Repeat every entry word for word; omit all pictures.

== Data supplied ==
[Start of Attachment]
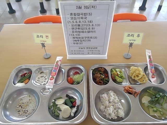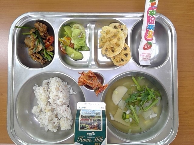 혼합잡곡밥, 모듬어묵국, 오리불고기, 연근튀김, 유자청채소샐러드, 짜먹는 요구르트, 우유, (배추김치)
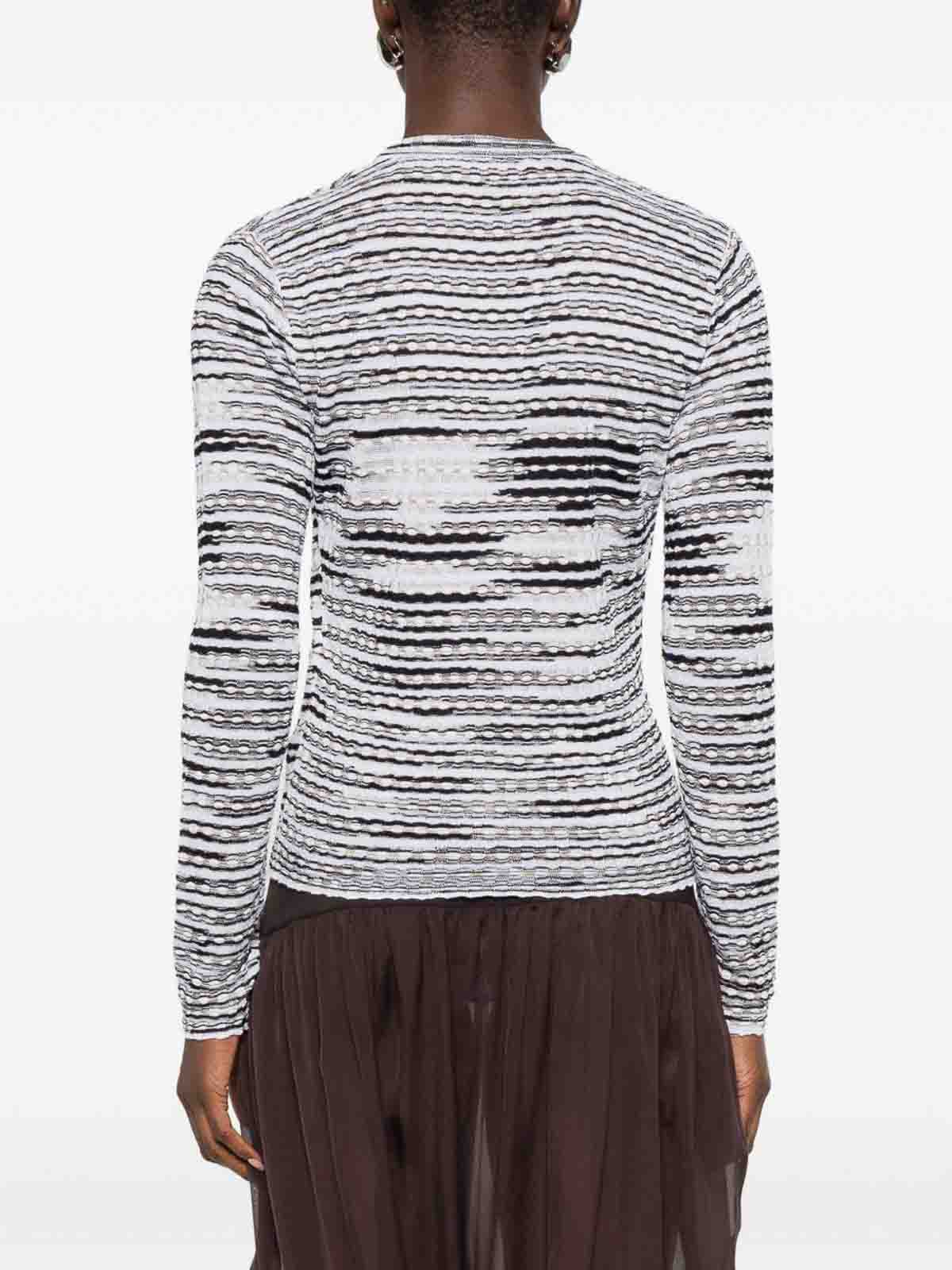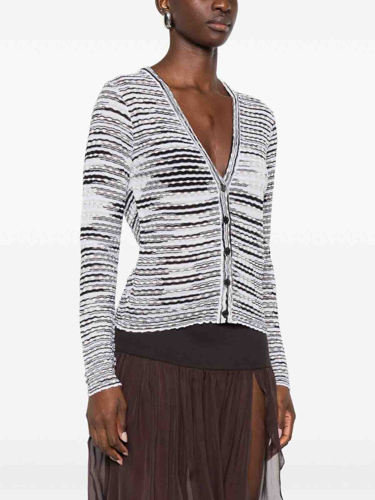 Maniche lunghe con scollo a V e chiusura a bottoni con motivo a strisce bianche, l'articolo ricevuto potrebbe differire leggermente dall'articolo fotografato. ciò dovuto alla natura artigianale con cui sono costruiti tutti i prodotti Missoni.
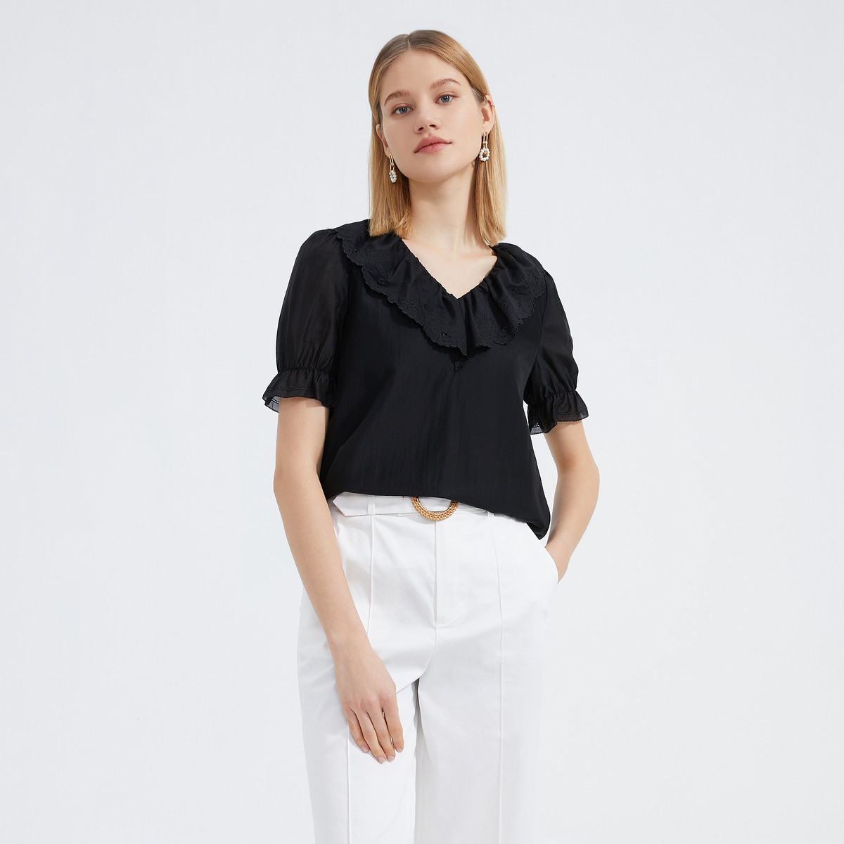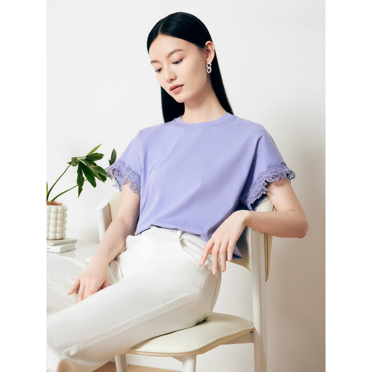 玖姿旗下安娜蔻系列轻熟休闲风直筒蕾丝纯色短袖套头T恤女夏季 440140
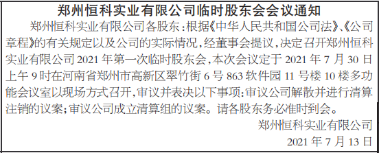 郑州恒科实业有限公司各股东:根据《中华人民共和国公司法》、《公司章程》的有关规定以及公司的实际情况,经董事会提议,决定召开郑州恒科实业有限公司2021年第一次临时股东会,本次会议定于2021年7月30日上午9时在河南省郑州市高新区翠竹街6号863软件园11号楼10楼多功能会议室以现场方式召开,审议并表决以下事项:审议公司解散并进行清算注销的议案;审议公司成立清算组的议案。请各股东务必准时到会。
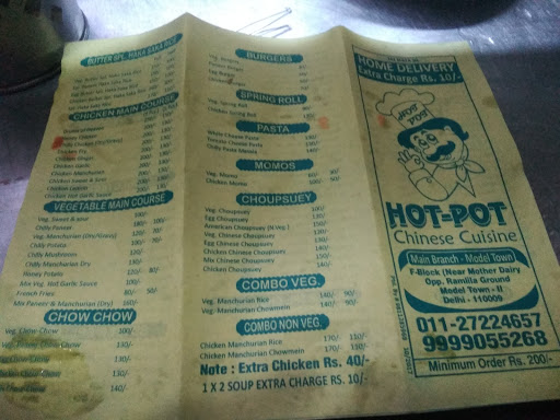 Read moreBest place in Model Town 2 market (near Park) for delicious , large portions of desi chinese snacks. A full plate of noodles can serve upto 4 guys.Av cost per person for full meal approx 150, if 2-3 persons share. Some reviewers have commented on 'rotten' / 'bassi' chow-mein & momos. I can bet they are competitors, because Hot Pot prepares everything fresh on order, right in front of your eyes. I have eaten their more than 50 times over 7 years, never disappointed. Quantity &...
[End of Attachment]
== Response ==
 혼합잡곡밥, 모듬어묵국, 오리불고기, 연근튀김, 유자청채소샐러드, 짜먹는 요구르트, 우유, (배추김치)
 Maniche lunghe con scollo a V e chiusura a bottoni con motivo a strisce bianche, l'articolo ricevuto potrebbe differire leggermente dall'articolo fotografato. ciò dovuto alla natura artigianale con cui sono costruiti tutti i prodotti Missoni.
 玖姿旗下安娜蔻系列轻熟休闲风直筒蕾丝纯色短袖套头T恤女夏季 440140
 郑州恒科实业有限公司各股东:根据《中华人民共和国公司法》、《公司章程》的有关规定以及公司的实际情况,经董事会提议,决定召开郑州恒科实业有限公司2021年第一次临时股东会,本次会议定于2021年7月30日上午9时在河南省郑州市高新区翠竹街6号863软件园11号楼10楼多功能会议室以现场方式召开,审议并表决以下事项:审议公司解散并进行清算注销的议案;审议公司成立清算组的议案。请各股东务必准时到会。
 Read moreBest place in Model Town 2 market (near Park) for delicious , large portions of desi chinese snacks. A full plate of noodles can serve upto 4 guys.Av cost per person for full meal approx 150, if 2-3 persons share. Some reviewers have commented on 'rotten' / 'bassi' chow-mein & momos. I can bet they are competitors, because Hot Pot prepares everything fresh on order, right in front of your eyes. I have eaten their more than 50 times over 7 years, never disappointed. Quantity &...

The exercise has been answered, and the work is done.